Когда пришло сообщение о приближении десанта, он обошёл строй:
— Никто не отступает. Даже если я погибну. Даже если весь командный состав мёртв. Здесь — Аргентина. Здесь — ваши дома. Здесь — их смерть.
Солдаты молчали. Кто-то перекрестился. Кто-то обнял автомат, как мать. Потом все посмотрели в небо. Шум — от винтов. Приближались.
Первые залпы были не по позициям. По душам. Ослепляющий свет. Звук, от которого кровь шла из ушей. Один парень — Хулио — закричал, схватившись за голову. Потом побежал — и подорвался.
Второй — Рамирес — встал в полный рост, чтобы прикрыть товарища. Его разворотило на части. Печень висела на ветке.
Сальвадор выхватил сигнальный пистолет, подал залп в небо. Это был знак. Всё пошло по плану.
Растяжки сработали. Минное поле вспыхнуло как салют. Один британец взлетел вверх — без ног. Другой — рухнул, выронив гранату прямо под себя.
Слева ворвались вражеские пехотинцы. У одного в руке — огнемёт. Ожоговая волна прошлась по укреплению, выжгла троих. Один солдат, охваченный пламенем, прыгнул в окоп и загорел остальных.
В ответ — автоматная очередь. Потом — молчание.
Сальвадор вылез из укрытия. С гвоздями в груди, но живой. Он упал рядом с телом мальчика. Протянул руку. Тот был мёртв. Но глаза ещё были открыты.

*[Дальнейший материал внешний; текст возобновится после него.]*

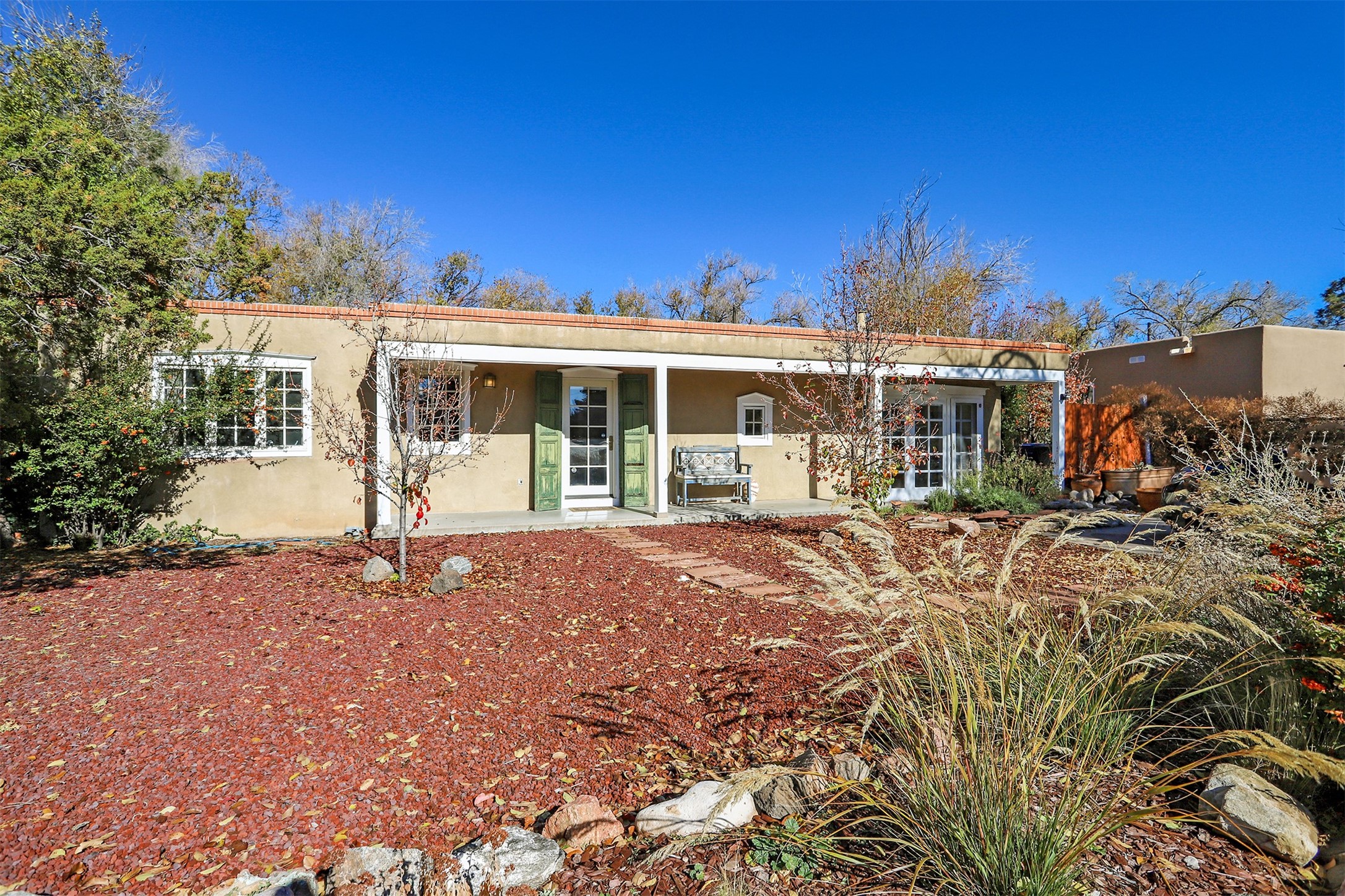 Charming, quintessential Stamm Territorial Style home located in the heart of Santa Fe. Perfect for the romantic artist, or family wanting to grow roots in a well-established neighborhood close to gorgeous city parks and recreation center. 2705 Camino Chueco is a light-filled beauty offering 3 Bedrooms and 2 Baths, generous sized dining and living areas, hardwood flooring, mud-room entry off the kitchen and a private studio perfect for any hobby or activity that fills you with joy. The primary bedroom has a large walk-in closet with built-ins and access to the large private backyard with new coyote fencing for added privacy. The sunny dining and third bedroom room also open onto the back patio via French doors, and speaking of doors, notice all the artistic touches including fun and fanciful doors and many details throughout the interior and exterior. New in February 2025 are the solar panels making your energy consumption footprint throughout the year near to zero! Tour today and feel for yourself the abundance of character and charm that is 2705 Camino Chueco.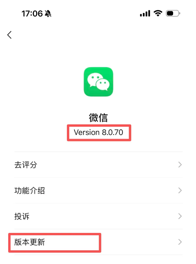 在【微信】-【我的】-【设置】-【关于微信】,检查版本是否为最新的8.0.70,如果不是就点击下方的【版本更新】,跳转到应用商店进行更新。

Ночь. Вонь. Грязь. Металлический привкус на языке. Подполз один из уцелевших — Даниэль.
— Se;or capit;n, — прошептал он. — Остались мы… трое. Остальные...
Сальвадор закашлялся кровью.
— Сколько убили с их стороны?
— Я насчитал... двадцать пять. Может больше.
— Тогда… всё не зря. Даже если сгорим — они запомнят, как горит земля Мальвин.
Он достал из кармана письмо. Разорвал. Бумага улетела в грязь. Потом посмотрел на небо и сказал:
— Простите меня, доченька. Я был солдатом. И больше — никем.
Через полчаса пошёл дождь. Смывал кровь, но не боль. Один из троих выживших — Висенте — молился над телами. Не знал слов. Только шептал:
— Прости. Прости. Прости…
Мальвины молчали. А в горах на юге — снова вспыхнуло зарево. Начиналась новая бойня.
Глава 5.
Южный склон держали морпехи. Нервы были натянуты, как струны. Каждый вечер они меняли позиции — не потому что так требовало командование, а потому что каждый новый рассвет выкашивал хотя бы одного. Иногда — сразу троих.
Лейтенант Габриэль Ледесма не писал домой с третьей недели. Он знал — письмо станет похоронкой. Он просто вёл дневник. Мелким, сжатым почерком, будто торопился на смерть:
«Пятый день без сна. Крысы бегают по ногам. Один из бойцов ел землю. Говорил, что в ней мама. Остальные молчали. Пуля сняла медбрата накануне — прямой в висок. Мы замотали его в брезент и закопали под камнями. Не знаю, кто будет следующим.»
Он записывал, когда умирали. Иногда — имена. Иногда — просто «тело». Иногда — «обугленное». Иногда — «неузнаваемое».
Однажды он написал: «Я больше не чувствую пальцев. Кажется, я сам стал землёй, по которой хожу.»
В ту ночь над холмами появился вертолёт. Аргентинцы знали: свои не прилетят. И правда — с неба пошёл свинец. Один прожектор вырезал силуэты. По ним били, как по мишеням. Восемь тел остались на поверхности. Четыре — без голов. Один мальчишка, Серхио, умер с запиской в руке: «Я не боюсь». Бумага обгорела, но слова остались.
Санитар Хулио сидел с телом друга и выл, как раненый зверь. Он бил по груди, кричал в небо, плюнул в грязь и прижал лицо к мёртвому лбу.
— Я обещал тебе... мы вернёмся домой… мы же мечтали, брат…
Габриэль скомандовал отход к второму рубежу. Под огнём. С визгом металла, с ранениями, с мольбами. Один солдат нёс на спине друга, у которого торчал позвоночник наружу. Добежал. Упал. И умер.
— Мы всё равно не сдаёмся, — сказал Габриэль. — Пусть земля станет нашим оружием.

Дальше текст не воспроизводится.